Should we be easing restrictions to get R to 0.9 or is it more a case of want R to be much lower than 0.9 but we can't afford economic cost or something else?

Frank said...

crandles, as a German I can tell you that these "BS social media" are also involved here. Many people go to "Freedom demonstrations", believing all the stupid things that are spreaded. IMO there is not a big difference between UK and Germany. Why has Germany the better outcome in the case of Covid-19? A little luck at first. And we had the advantage of having a scientist (Physics) as the leader, listoning to the virulogists, making evidence based decisions. However, this advantage is dead and gone now.

James Annan said...

crandles, the only data that are worth anything in terms of comparisons are deaths and even that assumes they are counting equivalently.

Germany did better because it locked down sooner. Sure, cases looked high, but that was just because they were testing.

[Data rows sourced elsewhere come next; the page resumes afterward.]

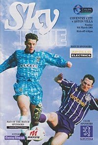 Match: Coventry City v Aston Villa Competition: Premier League Date: 06-03-1994 Comments: Rating: 5 Condition: Excellent Weight in grams: 100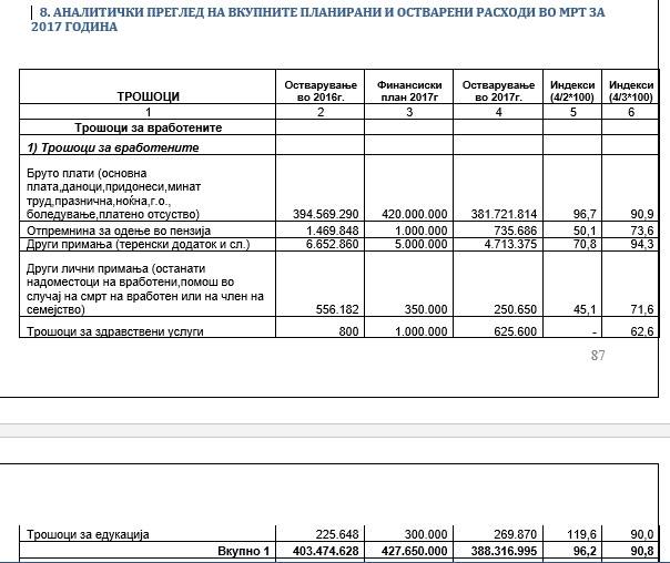 МРТ без сериозна анализа, со голи бројки и набројувања во годишниот извештај за 2017 година, се пофали дека е јавен радиодифузен сервис кој успешно ја реализирал задачата. Извештајот за тоа колку е потрошено, што и како се работело, е испратен до Собранието, каде што пратениците треба да го усвојат.
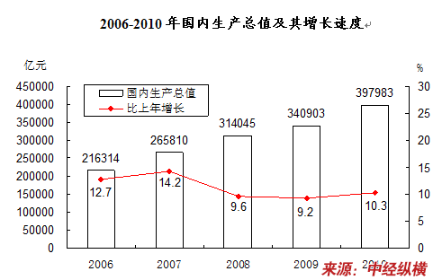 初步核算,2010全年中国国内生产总值[2]397983亿元,比上年增长10.3%。其中,第一产业增加值40497亿元,增长4.3%;第二产业增加值186481亿元,增长12.2%;第三产业增加值171005亿元,增长9.5%。第一产业增加值占国内生产总值的比重为10.2%,第二产业增加值比重为46.8%,第三产业增加值比重为43.0%。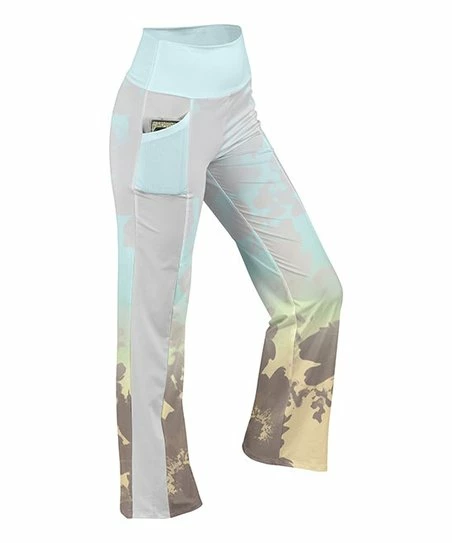 Stretch-friendly yoga pants sporting a light abstract pattern and handy pockets.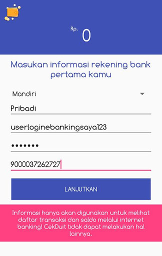 Jika tidak percaya dengan keamanan data kamu?, kamu bisa membeli source code nya : tanpa iklan, rekening yang bisa cek hanya BCA BNI Mandiri, dengan menghubungi info@sellerkeys.com . Dimana kamu bisa melihat source code lengkap, tidak boleh di distribusikan lagi. Kamu harus mengerti dan berpengalaman dalam mem-build source code untuk di install di android phone kamu sendiri.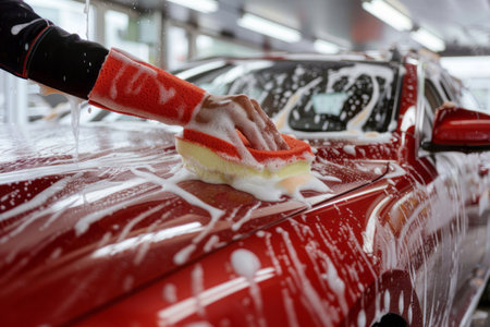 Worker washing red car with sponge on a car wash, close up. AI generative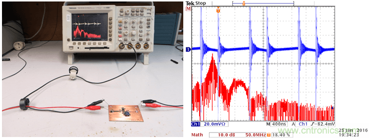 這種環(huán)形天線可以被連接到頻譜分析儀上,當(dāng)你使它在PCB上方移動(dòng)時(shí),你就可以看到哪里會(huì)有比較強(qiáng)的高頻磁場。你也可以把它連接到一臺示波器上(使用50Ω的端子),示波器上就可以顯示出相應(yīng)區(qū)域的切換噪聲水平。保持天線環(huán)和板子之間的相對位置和距離不變,對電路、PCB上的回路做出某些改變,你就可以知道噪聲水平在增加或是減少。
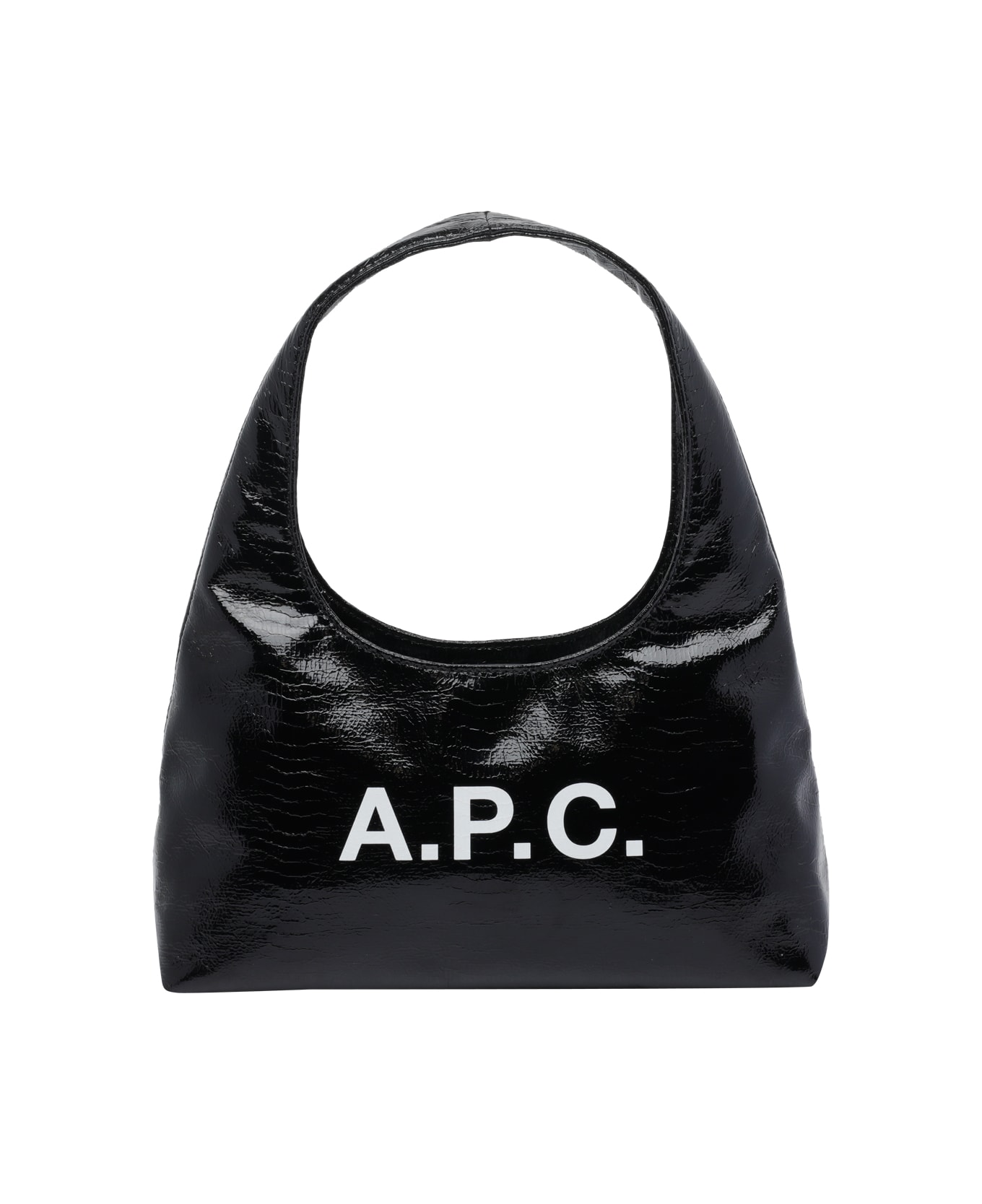A. P. C. black Baby Ninon shoulder bag, magnetic closure, inner open pocket, frontal logo Composition: 5% Calcium Carbonate, 40% Polyester, 55% Polyurethane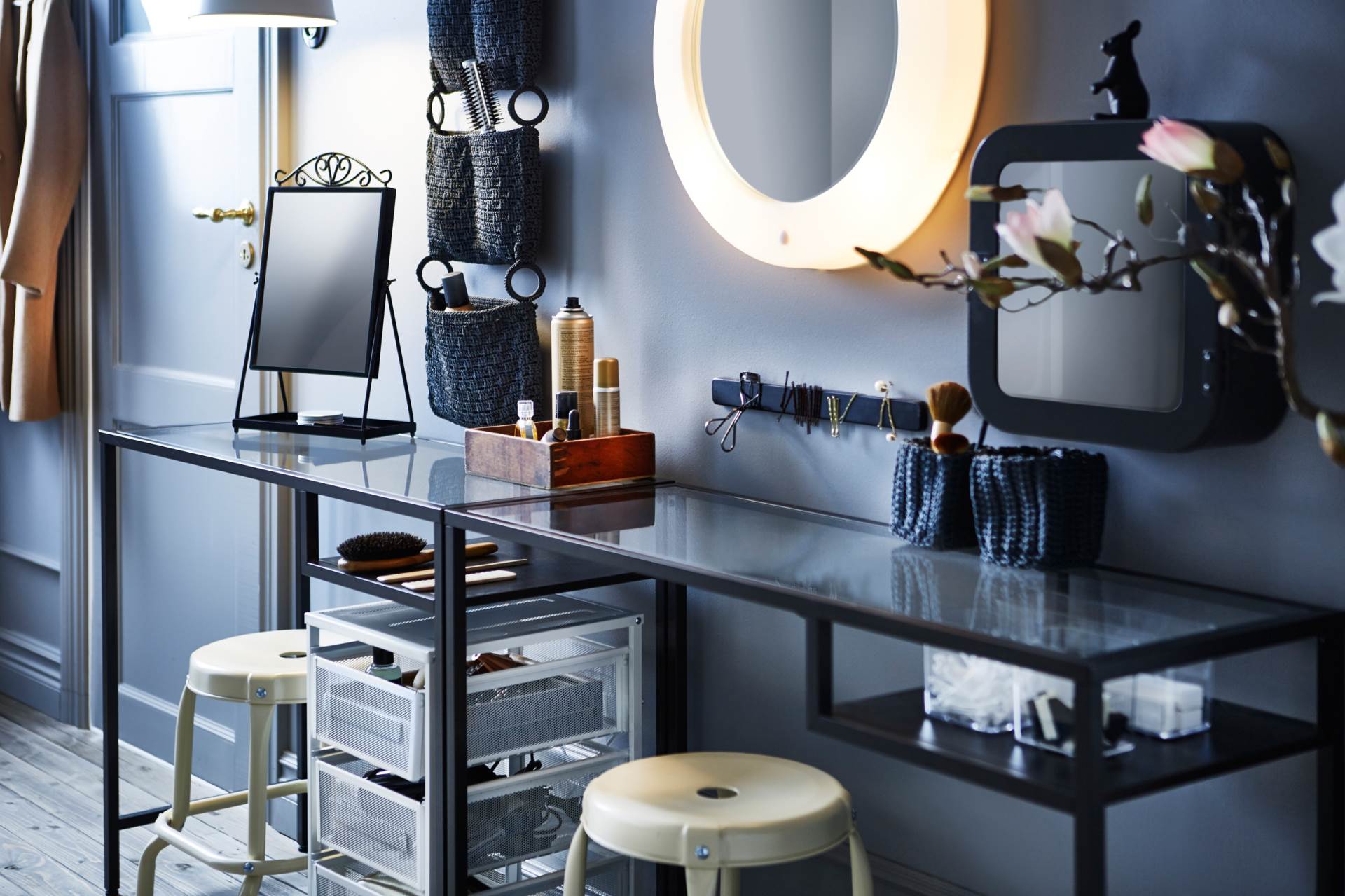 Uzorci na tekstilu, detaljima, uokvirenim printovima ili, primjerice, tapetama također mogu razigrati monokromatsku jednostavnost: moderni su crteži stiliziranih elemenata iz prirode (lišća, cvijeća) te geometrijskih oblika. Doda li se u prostor i nekoliko površina od mramora, crnog stakla ili zatamnjenog zrcala te detalji metalnog sjaja poput aluminija, zlata ili bronce, rezultat će biti vrlo glamurozan. Napomena: crno-bijele sheme odličan su izbor u manjim kupaonicama. Njihova zanimljiva dinamika čini prostor razigranijim pa time i stvara optičku iluziju širine i visine.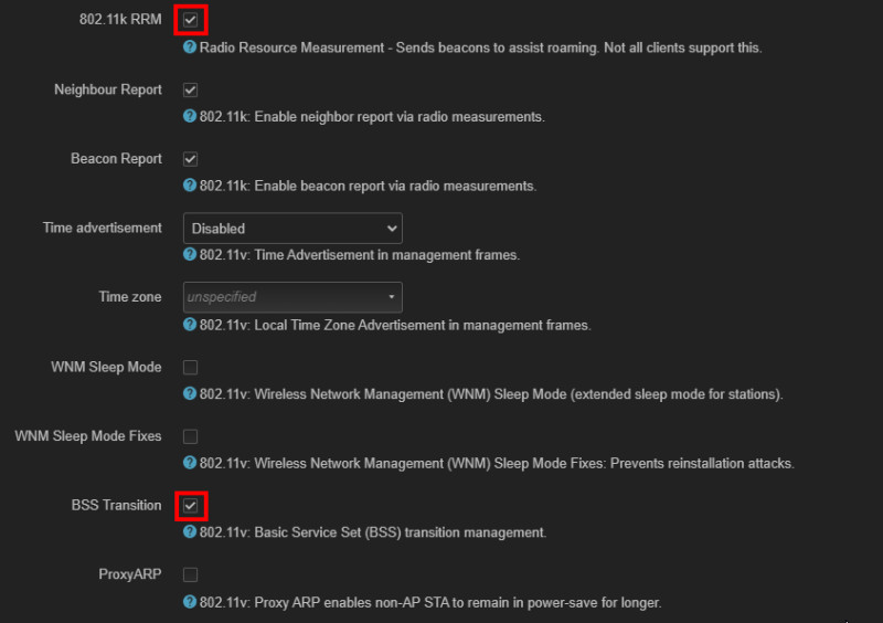 Optional: 802.11k RRM und 802.11v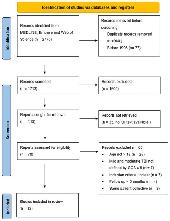We identified 2770 records, of which 1713 were screened and 78 retrieved for full Text screening. We identified 13 studies that were eligible, with a total of 22,550 patients (Figure 1). Hereof 22,007 patients (97.6%) had mild TBI and 543 patients (2.4%) had moderate TBI.

Deaths were lower, meaning they weren't up the exponential curve so far.

The future is still very uncertain everywhere, but worse in the UK than just about everywhere else in Europe, it seems.

crandles said...

>worse in the UK than just about everywhere else in Europe

Just found https://www.worldometers.info/coronavirus/#countries
can be sorted by deaths per 1m population:

San Marino 1,209
Belgium 784
Andorra 660
Spain 591
Italy 528
UK 511

UK overtaking Italy and possibly Spain may well be likely.

11 of top 12 countries are in Europe. Perhaps indicates numbers of deaths may well not be equivalent between more and less developed countries.